In your copy of the data, keep every word exact and include no pictures.

[[ Stored data open ]]

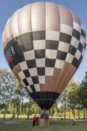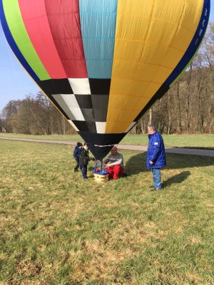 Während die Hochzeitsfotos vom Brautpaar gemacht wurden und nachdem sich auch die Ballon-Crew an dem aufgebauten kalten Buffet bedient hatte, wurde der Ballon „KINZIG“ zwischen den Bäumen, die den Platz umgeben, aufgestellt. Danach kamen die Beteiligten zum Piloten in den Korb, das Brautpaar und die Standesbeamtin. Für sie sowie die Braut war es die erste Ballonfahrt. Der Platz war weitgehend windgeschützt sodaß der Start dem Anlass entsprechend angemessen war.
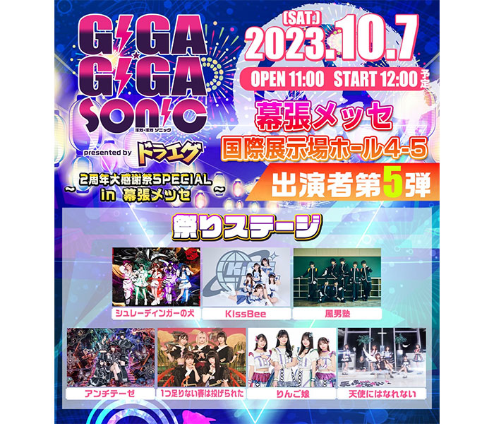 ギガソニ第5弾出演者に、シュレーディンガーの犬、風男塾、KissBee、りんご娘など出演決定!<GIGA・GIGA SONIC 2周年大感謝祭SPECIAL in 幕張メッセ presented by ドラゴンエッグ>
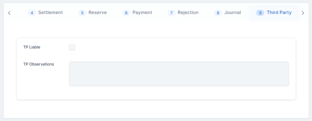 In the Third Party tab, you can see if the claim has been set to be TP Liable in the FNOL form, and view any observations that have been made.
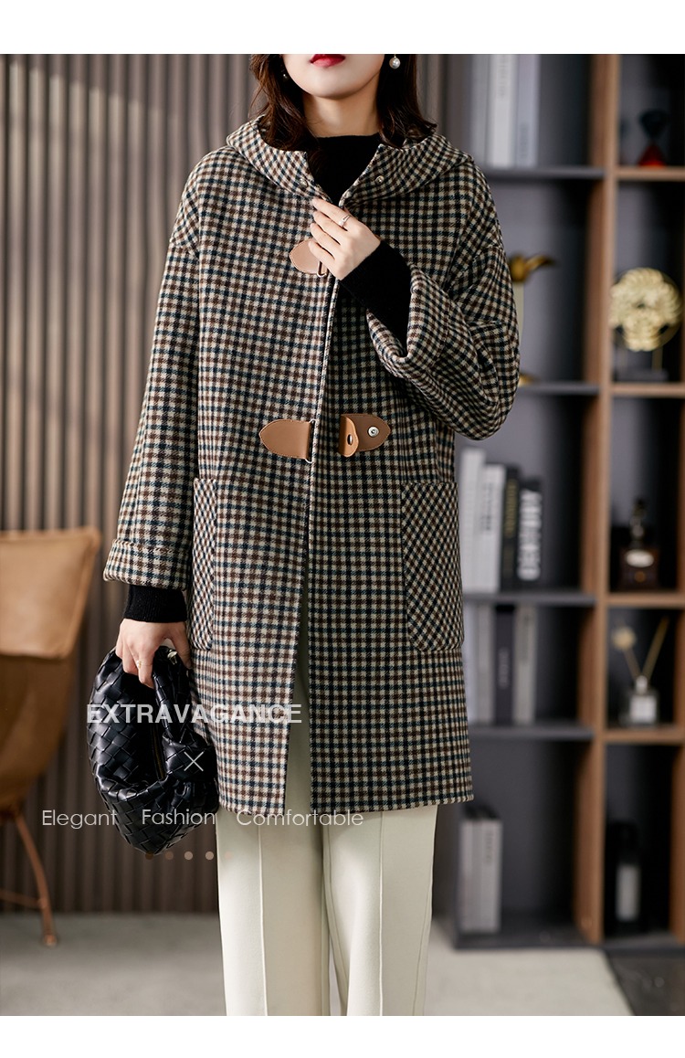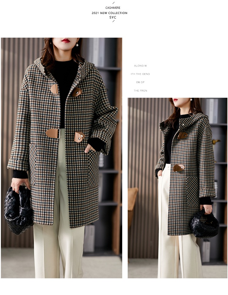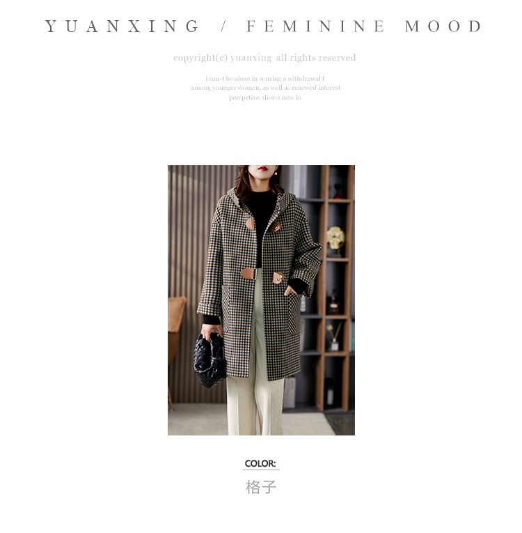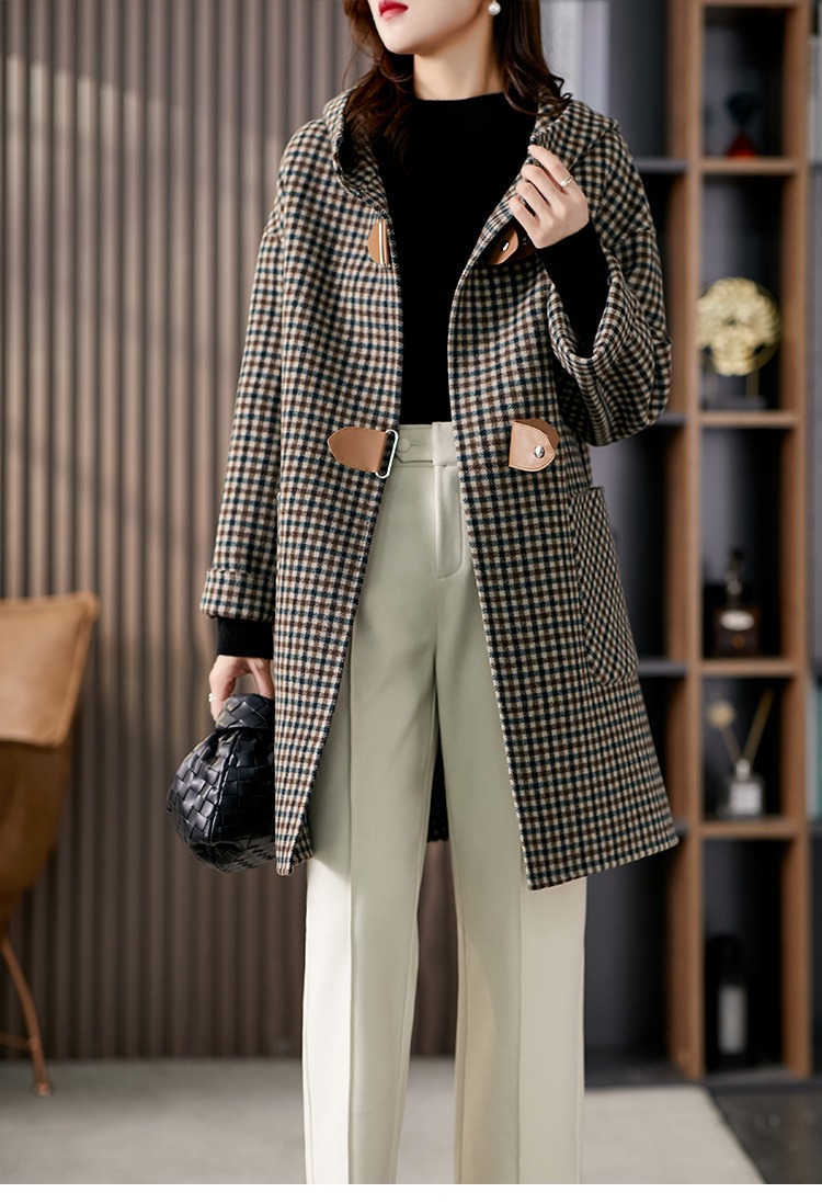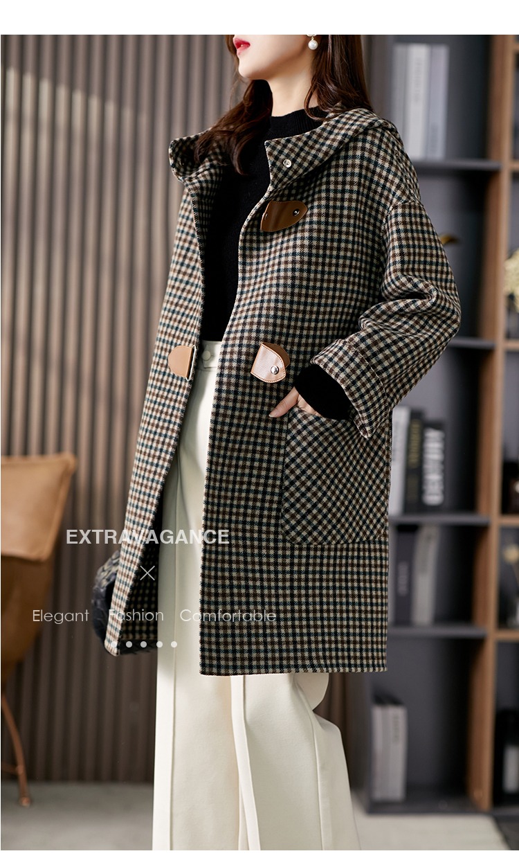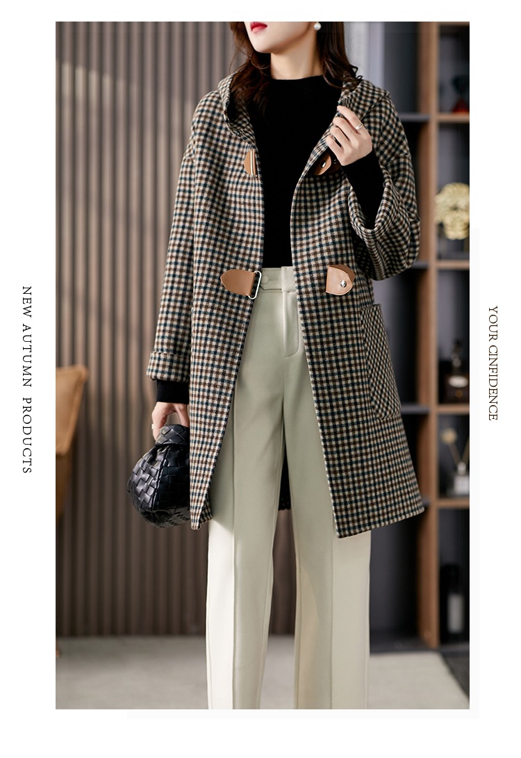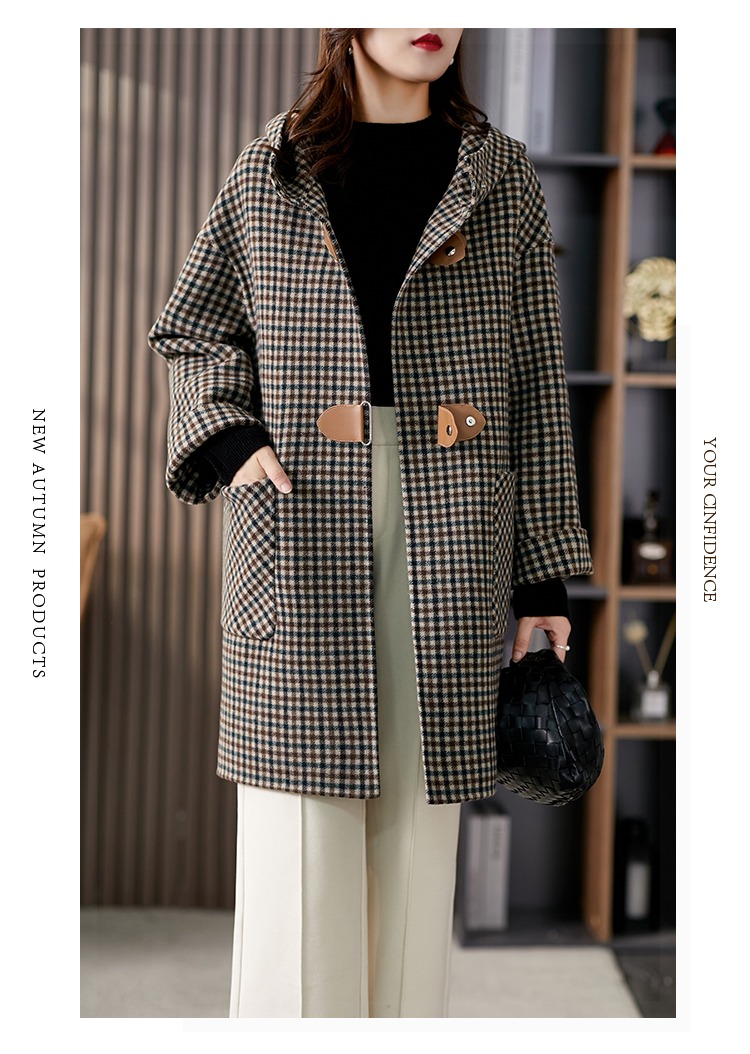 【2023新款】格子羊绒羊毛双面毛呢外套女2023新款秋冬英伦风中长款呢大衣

[[ Stored data closed ]]

_Finished exercise_.
 Während die Hochzeitsfotos vom Brautpaar gemacht wurden und nachdem sich auch die Ballon-Crew an dem aufgebauten kalten Buffet bedient hatte, wurde der Ballon „KINZIG“ zwischen den Bäumen, die den Platz umgeben, aufgestellt. Danach kamen die Beteiligten zum Piloten in den Korb, das Brautpaar und die Standesbeamtin. Für sie sowie die Braut war es die erste Ballonfahrt. Der Platz war weitgehend windgeschützt sodaß der Start dem Anlass entsprechend angemessen war.
 ギガソニ第5弾出演者に、シュレーディンガーの犬、風男塾、KissBee、りんご娘など出演決定!<GIGA・GIGA SONIC 2周年大感謝祭SPECIAL in 幕張メッセ presented by ドラゴンエッグ>
 In the Third Party tab, you can see if the claim has been set to be TP Liable in the FNOL form, and view any observations that have been made.
 【2023新款】格子羊绒羊毛双面毛呢外套女2023新款秋冬英伦风中长款呢大衣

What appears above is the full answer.